The lesson: when east-west blackholes but the control plane is green, audit show nve interface nve1 detail for the source IP on every leaf and confirm each one is unique. A duplicated VTEP source is invisible to every protocol-level check.

vPC and the Anycast VTEP

Two leaves running vPC must present a single VTEP to the fabric, or MAC moves between the vPC peers look like host flaps to the rest of the EVPN domain. The mechanism is a shared secondary IP on the NVE source loopback — the anycast VTEP address — advertised by both peers.

Terminal window
interface loopback1
description VTEP-NVE-SOURCE
ip address 10.255.1.11/32 # unique primary
ip address 10.255.1.100/32 secondary # shared anycast VTEP, identical on the vPC peer
ip router ospf UNDERLAY area 0.0.0.0
ip pim sparse-mode
interface nve1
source-interface loopback1
source-interface hold-down-time 180

Remote leaves see one VTEP (10.255.1.100) regardless of which vPC peer learned the MAC, so a host hashed to either peer is just “behind the anycast VTEP.” The source-interface hold-down-time keeps the NVE down after reload until the underlay and vPC are settled — bring the VTEP up too early and you advertise reachability before forwarding is ready, blackholing traffic for the few seconds it takes BGP to converge.

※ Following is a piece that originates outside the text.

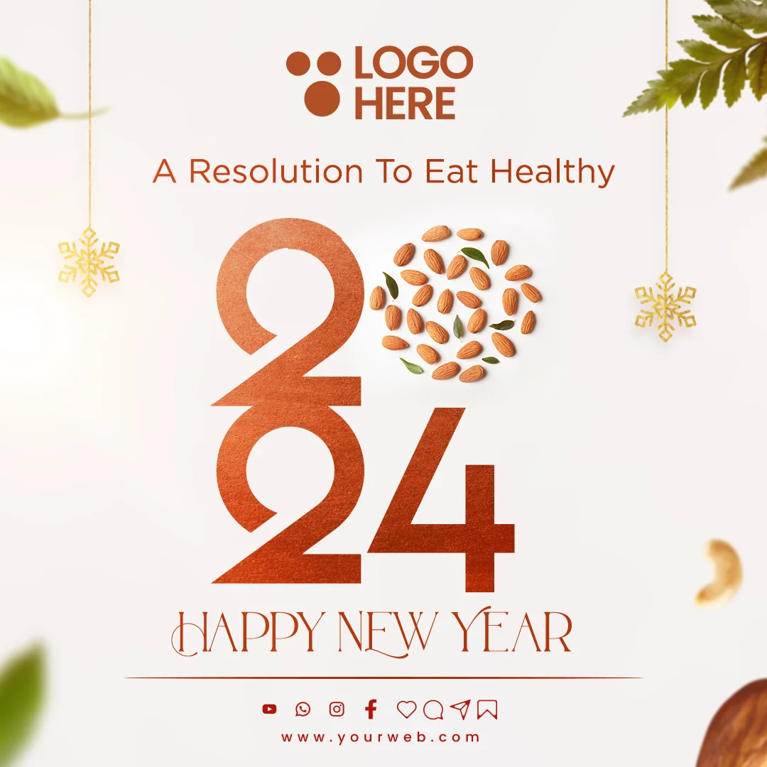 New Year Healthy Eating PSD Template With creative Dryfruits Design For Food & Consumer & Dryfruit Outlets

Verify both peers advertise the same secondary and that orphan hosts (single-homed to one peer) are reachable:

Terminal window
show nve interface nve1 detail | include "Source\|Anycast"
show vpc # both peers vPC-consistent
show bgp l2vpn evpn 10.255.1.100 # both leaves originate the anycast VTEP route

What I Skip and Why

I do not start with multicast underlay replication. Ingress replication via BGP is one less protocol to operate, and for fabrics up to a few dozen leaves the replication cost is negligible. Multicast earns its place only at scale, and by then you have the EVPN fundamentals solid.

Get the underlay boringly reliable, bring up EVPN, then add VNIs one tenant at a time with show nve peers open in another window. A fabric built this way fails predictably, which is the only kind of failure you want.